Alas, the nearby coalmines that provide for the Chatterleys' wealth – with their belching stacks and 24-hour mechanical noises and grubby housing with their insolent workers – are never far from her awareness, and when she eventually runs into the gamekeeper, Oliver Mellors, Lady Chatterley is unsettled by the wild in him as well. When they eventually start their affair and Mellors (who is educated and army-disciplined and seems to be in a class of his own) is free to speak his mind, he mainly decries the “modern condition” of people working in pursuit of money, instead of just enough to sustain themselves and filling the rest of their time being “real men” and “real women” taking delight in each other; all of modern life is the collieries encroaching on the forest; the mechanical displacing the natural. For the first time with Mellors, Connie experiences more than just release with sex: 
She clung to him unconscious in passion, and he never quite slipped from her, and she felt the soft bud of him within her stirring, and strange rhythms flushing up into her with a strange rhythmic growing motion, swelling and swelling till it filled all her cleaving consciousness, and then began again the unspeakable motion that was not really motion, but pure deepening whirlpools of sensation swirling deeper and deeper through all her tissue and consciousness, till she was one perfect concentric fluid of feeling, and she lay there crying in unconscious inarticulate cries.
And eventually, the pair are dancing naked in the rain, weaving buds into each other's body hair, and as Mellors “cups her tail” with his hand, stroking “the two secret openings to her body” (which referred, in my mind, back to the man who didn't want knowledge of another's experience in the w.c.), it's the ability to appear open and without shame in front of one another – in a way that Mellors explains is beyond the base rutting that animals engage in – that marks a return to Paradise:
She felt, now, she had come to the real bedrock of her nature, and was essentially shameless. She was her sensual self, naked and unashamed. She felt a triumph, almost a vainglory. So! That was how it was! That was life! That was how oneself really was! There was nothing left to disguise or be ashamed of. She shared her ultimate nakedness with a man, another being.

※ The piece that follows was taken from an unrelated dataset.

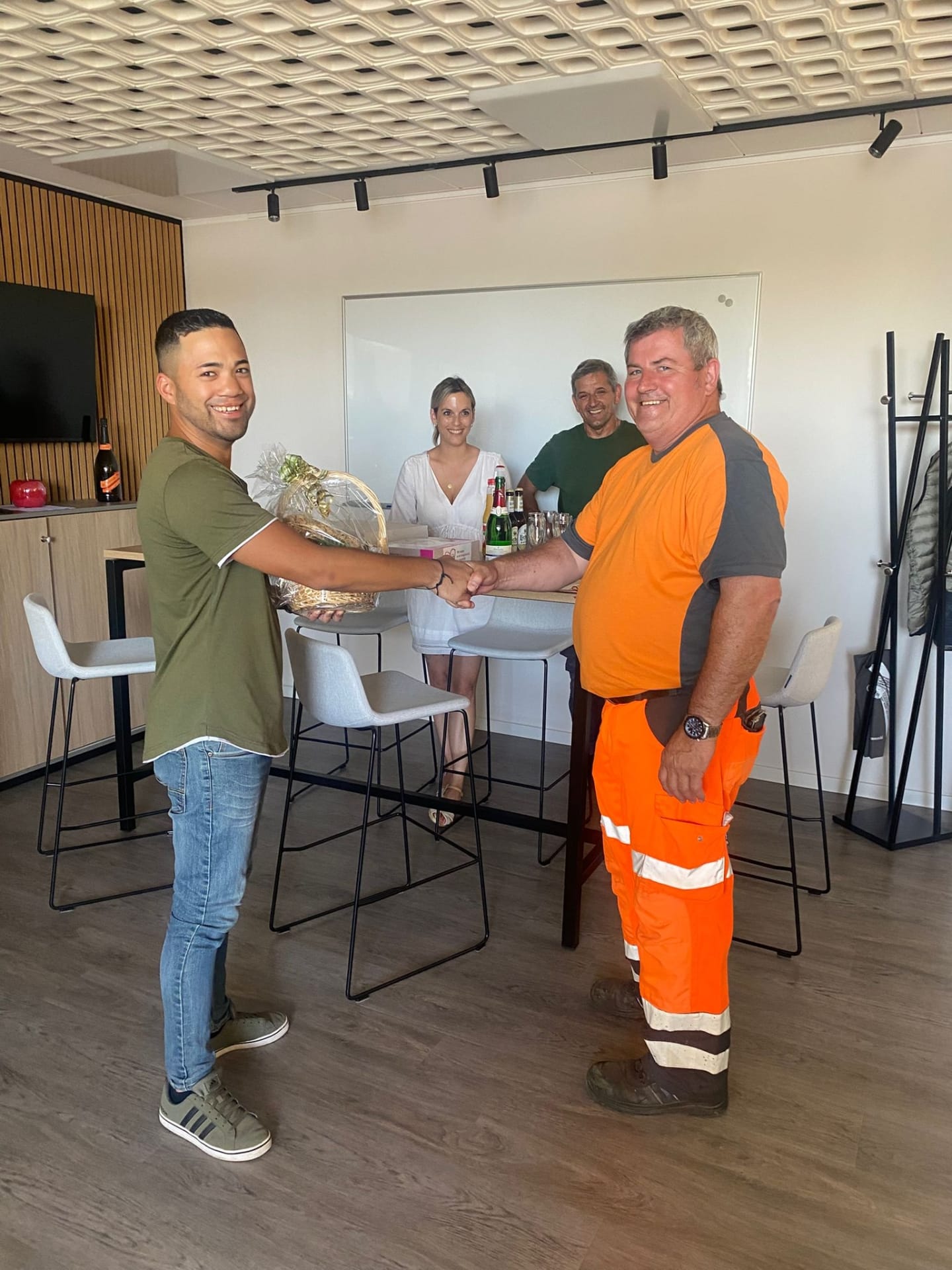 Bürgermeister Daniel Imbescheid, Personalkoordinatorin Janine Fritzel sowie die Personalratsvertreter Benjamin Naumann und Torsten Krohm überbrachten den beiden Jubilaren in einem kleinen feierlichen Rahmen ihre Glückwünsche.

Having had her husband's permission (and for the sake of an heir, her husband's tacit encouragement) to have herself an affair, it would seem that Lady Chatterley's only crime was to not remain emotionally unattached (and, I suppose also, for mixing with a commoner), but as seems to be the point, once we have stood wholly naked and unashamed in front of another, we are open to the sublime and forge true and transcendent bonds. And as for Sir Clifford and the flipside to that particular coin: he has his own shame-free scenes – engaging a matronly nurse to care for his body – and when he realises he has lost his wife, Clifford turns to the nurse “like a baby” (which Lawrence frequently suggests here that most men are at heart): “He would put his hand into her bosom and feel her breasts, and kiss them in exultation, the exultation of perversity, of being a child when he was a man.” The book ends without resolution, with Mellors learning the art of farming so as to prepare for when Connie and their baby can join him in a life that returns to nature; one without need for excessive labour in the pursuit of money and overspending; no bowing before the "bitch-goddess Success" or "the Mammon of mechanised greed".

I might have quibbles with anachronistic prejudices and stylistic choices – I wouldn't call this a novel that truly stands the test of time – but I do admire what Lawrence was trying to put down on the page. Perhaps I'll pick it up again a few decades hence and see what I glean anew.